The geographical resolution is often very coarse, from experience features can often be two to three kilometres from their actual locations.
This in some little old data. I put it as it for future fixing by another users.
Places where people live are generally just classifies as "PPL", Populated Place. This can be anything from a city to what is now just a farm house.
See "PPL" in tagging table
There is a small but significant amount of entries that are inaccurate or plain wrong:
mistranscriptions, places that are listed as in one country but actually somewhere else completely.
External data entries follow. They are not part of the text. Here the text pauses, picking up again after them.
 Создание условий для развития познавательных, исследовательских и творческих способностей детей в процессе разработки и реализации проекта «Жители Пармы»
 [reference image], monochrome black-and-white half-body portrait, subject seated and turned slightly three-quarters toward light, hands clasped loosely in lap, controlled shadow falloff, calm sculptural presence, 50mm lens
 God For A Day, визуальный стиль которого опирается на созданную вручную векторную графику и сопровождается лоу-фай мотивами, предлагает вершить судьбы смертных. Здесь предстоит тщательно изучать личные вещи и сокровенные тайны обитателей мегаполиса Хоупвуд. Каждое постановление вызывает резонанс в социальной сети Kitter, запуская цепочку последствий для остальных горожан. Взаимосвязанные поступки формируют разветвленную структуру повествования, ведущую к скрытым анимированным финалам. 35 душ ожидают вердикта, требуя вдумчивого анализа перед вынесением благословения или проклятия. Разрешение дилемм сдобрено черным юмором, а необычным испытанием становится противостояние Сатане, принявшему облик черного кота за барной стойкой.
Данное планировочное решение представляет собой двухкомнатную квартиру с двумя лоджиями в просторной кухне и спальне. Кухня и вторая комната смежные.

There are tow reasons of this:
- In case of naturals (seas, montains, deserts ...) GNS puts the location in the center of feature. This feature will be listed if all countries that contains a part of it for example "Rub` al Khali Desert" https://www.openstreetmap.org/relation/12037787 is loacted in Saudi Arabia, Yemen, Oman and UAE but the center is in Saudi Arabia.
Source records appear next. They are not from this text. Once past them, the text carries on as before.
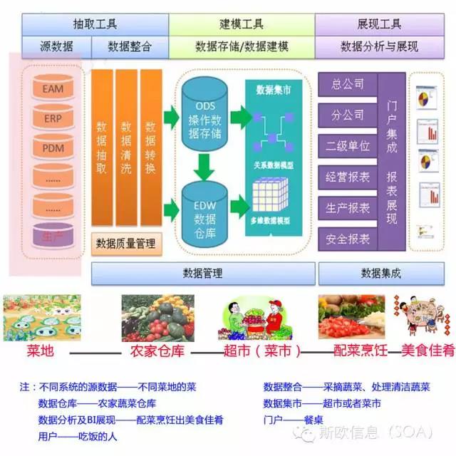 媽媽配菜,媽媽根據(jù)家人一天要吃的菜肴規(guī)劃,挑選各種各樣的菜、肉組合在一起,有的直接可以食用,有的需要再加工,即烹調(diào),然后端出來擺到餐桌上,家人只需要帶一張嘴即可享用,對(duì)BI項(xiàng)目來說,就是報(bào)表的制作過程,業(yè)務(wù)分析人員,根據(jù)領(lǐng)導(dǎo)的要求,按照各個(gè)主題需求,從各個(gè)數(shù)據(jù)立方體中、或者一部分從數(shù)據(jù)倉(cāng)庫(kù)中取一些數(shù)據(jù)組合起來,并且定義展現(xiàn)方式,即把報(bào)表做好,發(fā)布出來,放到門戶上,給與權(quán)限控制,哪些人可以享用這桌美味,這就是報(bào)表制作這個(gè)階段干的事情,所以說,業(yè)務(wù)人員是否可以拖拽制作報(bào)表,關(guān)鍵看前面的數(shù)據(jù)立方體準(zhǔn)備好沒有,相當(dāng)于是這樣的,不是人人都是烹調(diào)高手,但是超市里面有很多配好的菜(蔥姜蒜都有了),你只要拿回去放放鍋里炒5分鐘或者蒸煮10分鐘,端出來即可,不難吧。至于加工的工具是微軟家的鍋還是IBM家的灶,或者oracle家的飄,有什么關(guān)系呢,這些都是報(bào)表制作工具(烹調(diào)工具而已)。
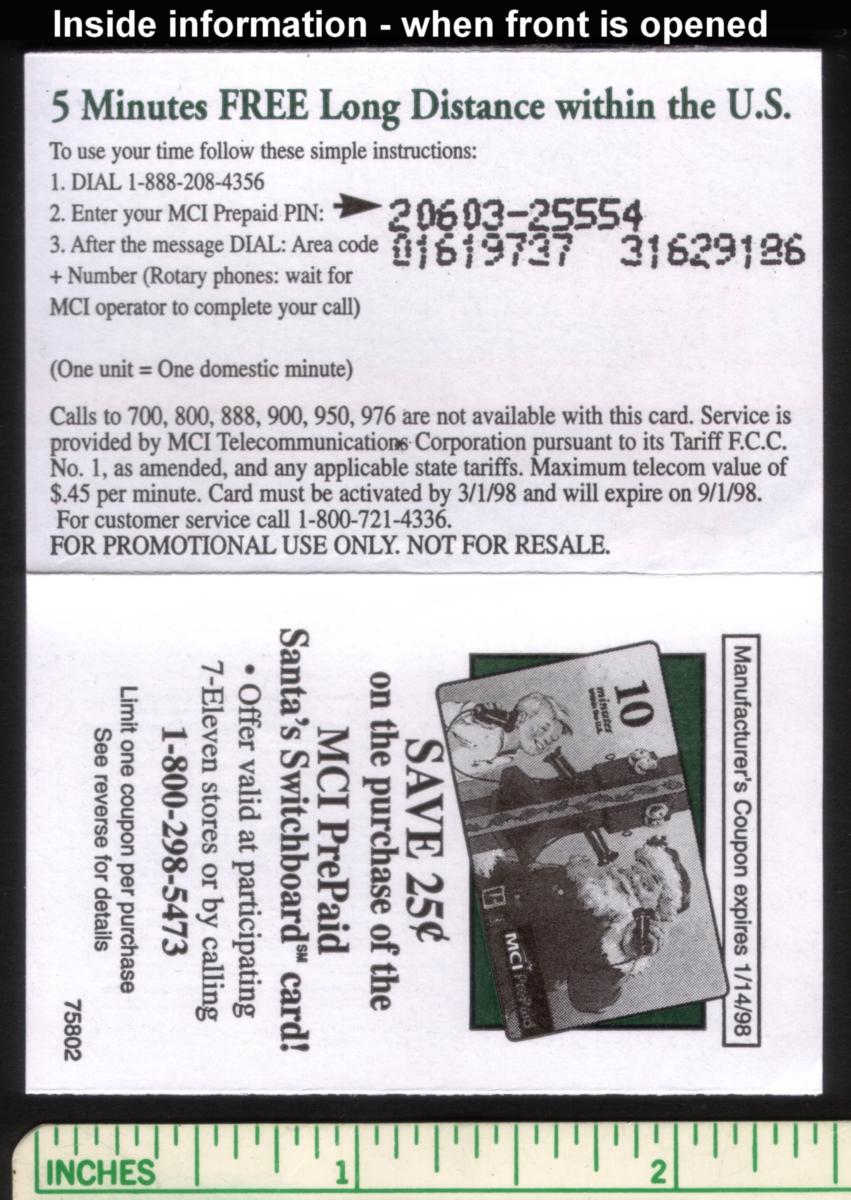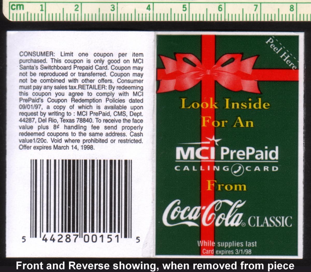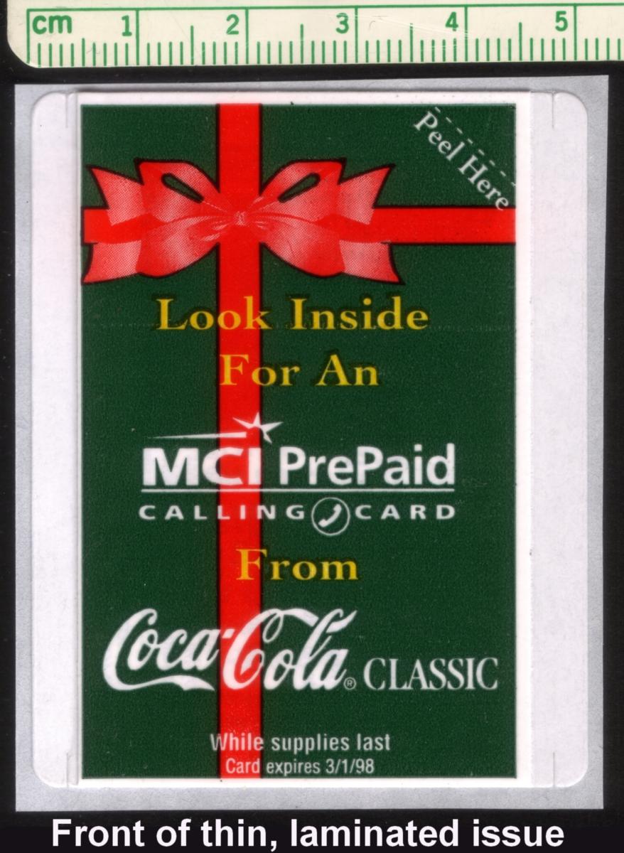 This small-size, laminated collectible card represents a holiday-themed promotion by MCI Telecommunications Corporation, combining the iconic Coca-Cola Classic brand with MCI's prepaid calling services from the late 1990s.
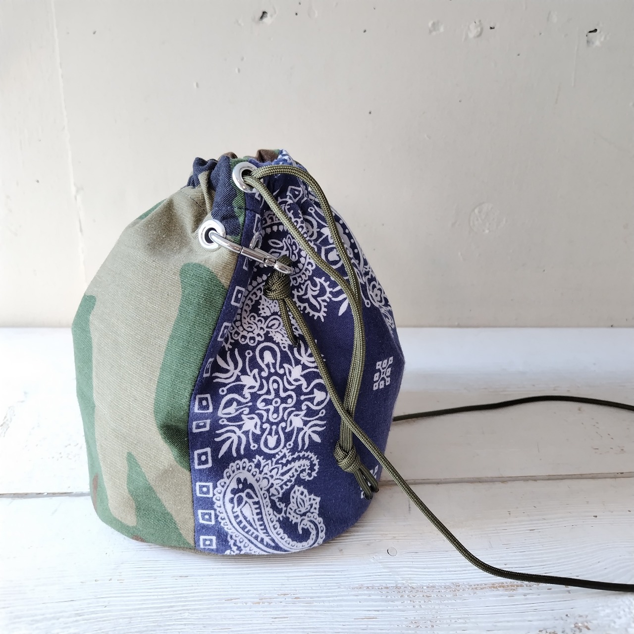 バンダナ パッチワーク x カモフラージュ リメイク巾着 2wayショルダーバッグ
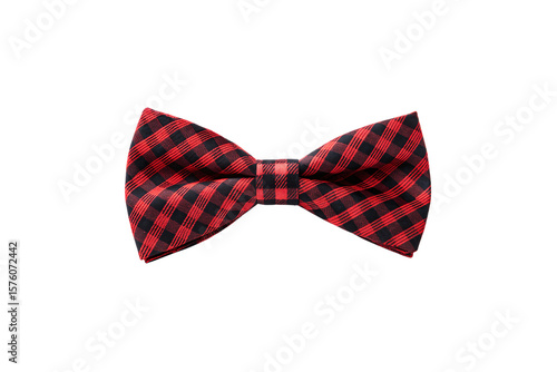 Red and black checkered bow tie with diagonal plaid pattern and classic formal style, isolated on a transparent background
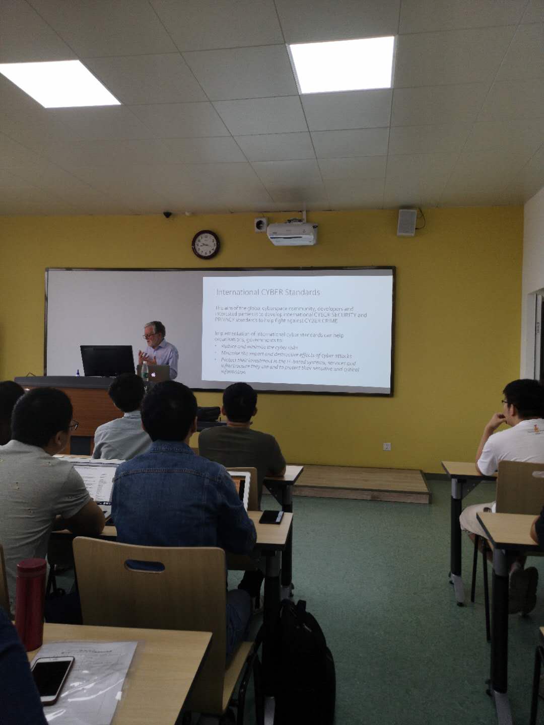 Humphreys教授用他在信息安全和国际标准化领域的长久经验和深刻认识,为永利官网师生带来了一场内容丰富的学术报告,不仅拓宽了同学们的国际视野,也加深了大家对网络空间安全的认识。报告在热烈的掌声中结束。

- In case bounrdies are not accurate.
* If you use not only the approved data, but also spelling variants and so on, you have often more than one node with the same coordinates, containing each of them another spelling variant. You might then want to download a perl file (and edit it to your needs) which the Russian community used to merge the gns info into one node.
How wrote this caveat does not understand the GNS data structure see https://geonames.nga.mil/gns/html/gis_countryfiles.html there are a Identifier for the feature "UFI" and Identifier for the name "UNI" all columns are related to the feature exept (UNI, NT, LC, SHORT_FORM,GENERIC, SORT_NAME_RO, FULL_NAME_RO, FULL_NAME_ND_RO, SORT_NAME_RG, FULL_NAME_RG, FULL_NAME_ND_RG, NAME_RANK, NAME_LINK, TRANSL_CD, NM_MODIFY_DATE) which realted to the name.